The dependent variable was the occurrence of stroke.

The mediator variables were number of main MetS components (hypertension, diabetes mellitus, and dyslipidemia) diagnosed simultaneously (two or more/three or more). There are several criteria for the clinical diagnosis of MetS. The criteria most commonly used is the definition developed by the American Heart Association. In this definition, MetS is diagnosed when more than three of below five constitutes are satisfied; elevated waist circumference, elevated triglycerides, reduced HDL-C, elevated blood pressure, and elevated fasting glucose [18]. We regarded the three components—hypertension, diabetes mellitus, and dyslipidemia—as “MetS diseases.”

In addition, gender, age, region of residence, degree of disability, comorbidity, diagnosis of cardiovascular disease, and diagnosis of cerebrovascular disease such as transient ischemic attack were considered for confounding variables. Age was adjusted as a continuous variable. Residential areas were classified into four categories based on each individual’s residential area in 2008, those living: (1) Seoul, (2) metropolitan cities, (3) Gyeonggi-do (nearby Seoul), and (4) other provinces. The degree of physical disability was classified as severe and moderate, mild, and no disability. For comorbidities, the Charlson Comorbidity Index (CCI) was used. CCI was measured using the ICD codes of medical service records diagnosis in 2006–2007. [19]

Statistical analysis

Baseline characteristics were described with frequency and percentage.

A multivariate logistic regression model was used to verify the association between income level (the independent variable) and the number of MetS diseases diagnosed simultaneously (the mediator variable).

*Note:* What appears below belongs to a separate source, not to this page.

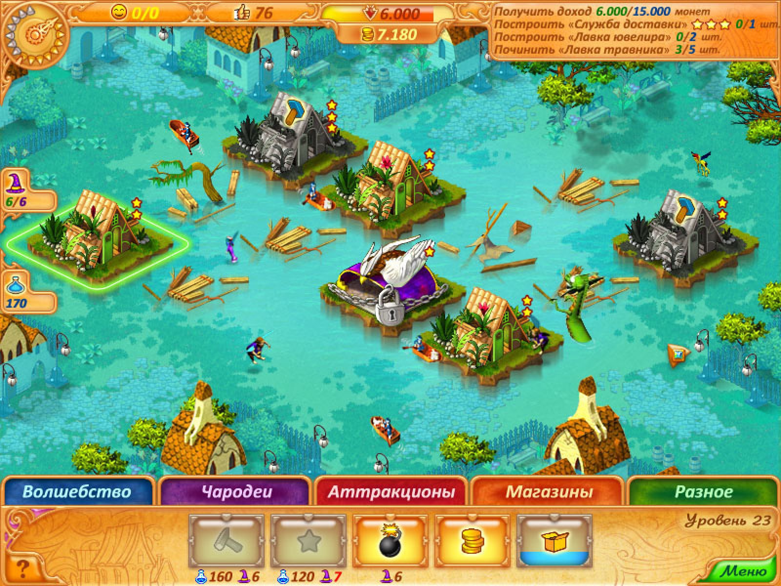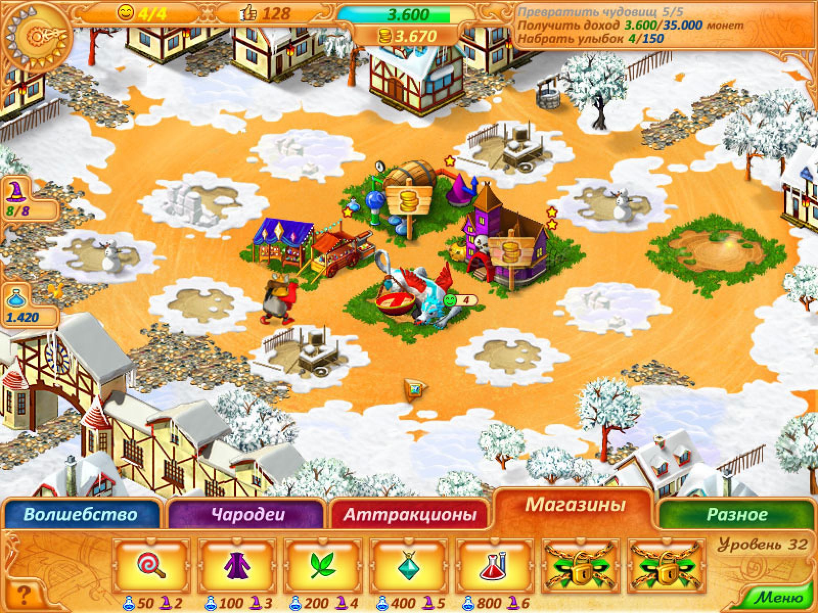 Кто из нас не мечтал стать героем какой-нибудь волшебной страны? Но одной мечты недостаточно - сначала надо найти эту волшебную страну, а потом мечту сделать явью! Девушке с загадочным именем Эбигайл повезло: ей в руки случайно попала красивая старинная книга, которая незаметно перенесла ее в другой мир. Но тут выяснилось – чтобы вернуться домой, надо зарядить медальон, причем сделать это можно, только восстановив разрушенное королевство. Ничего себе задачка для девушки, которую прекрасный молодой человек обещал угостить кофе, если ей просто понравится книга? Совсем без денег, с единственным другом, которым становится говорящая летучая мышь, отважная Эбигайл отправляется в путь… Ее главная задача - восстановить ярмарки, разрушенные во время нашествия чудовищ, и вернуть миру волшебную защиту. О том, куда она исчезла, а заодно, почему именно в ее руках оказалась судьба волшебной страны, Эбигайл сможет узнать только в самом конце. «Моя бабушка учила меня никогда не сдаваться!» - девиз главной героини придется усвоить для себя всем игрокам «Эбигайл и Королевство ярмарок». Студия «Невософт-Бриз» представляет игру в жанре тайм-менеджмента с элементами экономической стратегии. В игре "Эбигайл и Королевство ярмарок" Вам придется не только строить, но и планировать, рассчитывать, рисковать – в общем, трудиться, не покладая рук, как настоящим бизнесменам. Универсальной рабочей силой будут маги (все-таки это волшебная страна!) – именно с их помощью вы сможете возводить аттракционы, магазины и особые постройки, облегчающие игровой процесс. Помимо денег придется зарабатывать улыбки и рейтинг, без которых победа будет невозможна. Ну и главное, вы сможете сделать людей счастливыми, спасти целый мир и найти настоящую любовь - а это под силу только настоящим героям! Из особенностей игры «Эбигайл и Королевство ярмарок» можно отметить превосходную графику и настоящий мультфильм, связывающий все части воедино, а так же голоса профессиональных актеров и оригинальное музыкальное сопровождение. Вы сможете в этом убедиться на протяжении пятидесяти игровых уровней и десяти бонус-уровней. Так же в игре есть два дополнительных игровых режима, огромное количество уникальных построек, которые вам придется возводить на протяжении всей игры. Мы считаем, что вера в волшебство делает наш мир чуточку лучше. Знайте, что чудеса всегда рядом! Ближе, чем может показаться…

Traditional mediation analysis had calculated the proportion of mediating effects by comparing the estimates of the model without a mediator and the model with the mediator [20]. However, previous studies have found that the traditional approach may overestimate or underestimate the actual effects of mediators because of the below reasons: (1) mediator-outcome confounding, (2) exposure-mediator interaction, and (3) mediator-outcome confounding affected by the exposure [21,22,23]. Therefore, we used a causal mediation analysis method based on a counterfactual framework to overcome these flaws. In this study, survival analysis was performed using the Cox proportional hazards regression model. In order to apply the counterfactual framework to this model, a weighting approach method was used [24].

In each mediation analysis, the mediation proportion was obtained by modifying the equation used by VanderWeele and Vansteelandt, replacing an odds ratio to a hazard ratio [25].

$$\frac{{\mathrm{aHR}}^{NDE} ({aHR}^{NIE}-1)}{(a{HR}^{NDE} \times a{HR}^{NIE}-1)}$$

where, aHR: adjusted Hazard Ratio, NDE: Natural Direct Effect, NIE: Natural Indirect Effect.

Analysis was performed using SAS Enterprise Guide version 7.1(SAS Institute Inc., Cary, NC, USA). In the logistic regression analysis and survival analysis, confounding variables such as sex, age, region of residence, degree of disability, CCI, and diagnosis of cardiovascular disease and cerebrovascular disease were adjusted.

Ethics statement

This study was approved by the Institutional Review Board of Seoul National University (IRB No. E1808/003-002).

Results

In the NHIS-NSC, adults 18 years of age or older in 2008 were 807,162. We excluded 27,931 people diagnosed with stroke before 2008 and 252,078 people diagnosed with hypertension, diabetes mellitus, dyslipidemia, cardiovascular disease, or cerebrovascular disease before 2008. We also excluded 313,553 people in the Insured Employee category and 74 persons whose income decile could not be verified. Finally, 213,526 people were enrolled, and a total of 1,690,665.3 person-years were followed up.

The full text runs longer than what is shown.